Lately all I can think about is ending it all because it's getting me down so much, everyone around me is moving on and tell me to be positive and things could be worse but I feel like I can't physically go on like this anymore and be positive I've tried holding it all in for 4 years, all I can think about is what does my future hold? What if when I have ivf it doesn't work? I can't face feeling like this for the rest of my life! I don't know who to turn to because no one understands


----------



## tinkerbell24 (Apr 18, 2013)

Hi your story is so upsetting, i have no tubes and ivf is my only way. Its so hard to get people to understand how you feel because they arnt in our shoes. Sometimes people say things to try make us feel better and actually make us feel worse but again because they dont understand they dont know what to say and believe me ive had some comments that have made me break down in tears.
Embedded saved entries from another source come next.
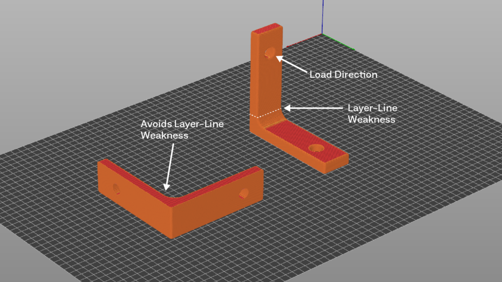 It is well known that material extrusion parts are weakest along the layer lines, so choosing a proper printing orientation is one of the most basic steps to increasing part strength. Before you begin designing, you should consider the direction of load forces. Load forces should be aligned parallel to the print surface.
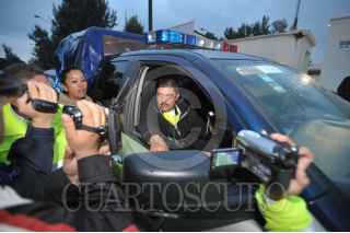 MÉXICO, D.F., 06SEPTIEMBRE2010.- Armando Domínguez Portillo, subdirector de Tránsito y Vialidad y jefe regional de la delegación Gustavo A. Madero de la Secretaría de Seguridad Pública del Distrito Federal (SSPDF), fue puesto a disposición del Ministerio Público en la misma demarcación acusado por sus subalternos de acoso sexual y extorsión. En la imagen a bordo de la camioneta enfrenta a sus acusadores. Este funcionario público, quien es yerno del Jefe del Estado Mayor Policial, Luis Rosales Gamboa, mejor conocido como Apolo; cuenta con más de 70 denuncias por parte de policías de distintos sectores ante la Fiscalía de Servidores públicos de la PGJDF. FOTO: LUZ ACEVEDO/CUARTOSCURO.COM
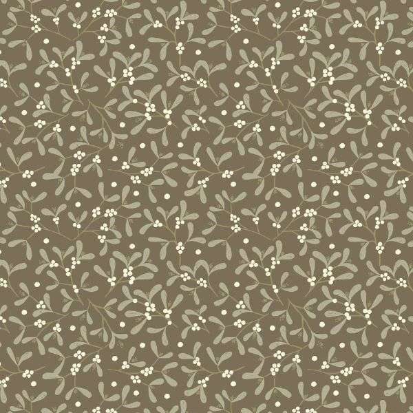 F43.2 Mistletoe on Dark Taupe Flannel by Lewis & Irene is a soft and cosy festive print featuring mistletoe in light taupe all over.
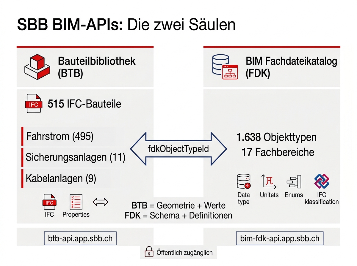 Sowohl die SBB als auch die Stadt Zürich betreiben öffentlich zugängliche BIM-Objektdatenbanken: die Bauteilbibliothek (BTB) mit dem zugehörigen BIM Fachdatenkatalog (FDK) bei der SBB, sowie «Der Baukasten» bei der Stadt Zürich. Keine der beiden Plattformen dokumentiert ihre Schnittstellen offiziell. Die hier beschriebenen API-Endpunkte haben wir durch Analyse der jeweiligen Webapplikationen rekonstruiert.
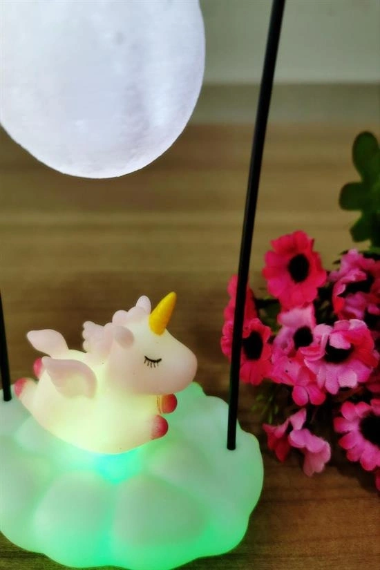 Işık Altında Sallanan Renk Değiştiren Unicornlu Gece Lambası

Just recently ive started to see a councillor and its amazing just how good it makes you feel talking to someone about your feelings. You need to remember your defiantly not alone this site offers so much help and i dont think id be as sane as i am now without ranting on here. Its such a horrible situation to be in but you have got people who understand on here and anytime you need to rant, cry or scream just do it after everything youve been through no wonder your upset. Does your partner understand? I hope you feel better soon x


----------



## Dory10 (Aug 6, 2013)

Hi Just Me

Here - this is where you turn!  Everyone on here knows the pain of infertility.  There are lots of lovely people to offer advice and support whenever you need it.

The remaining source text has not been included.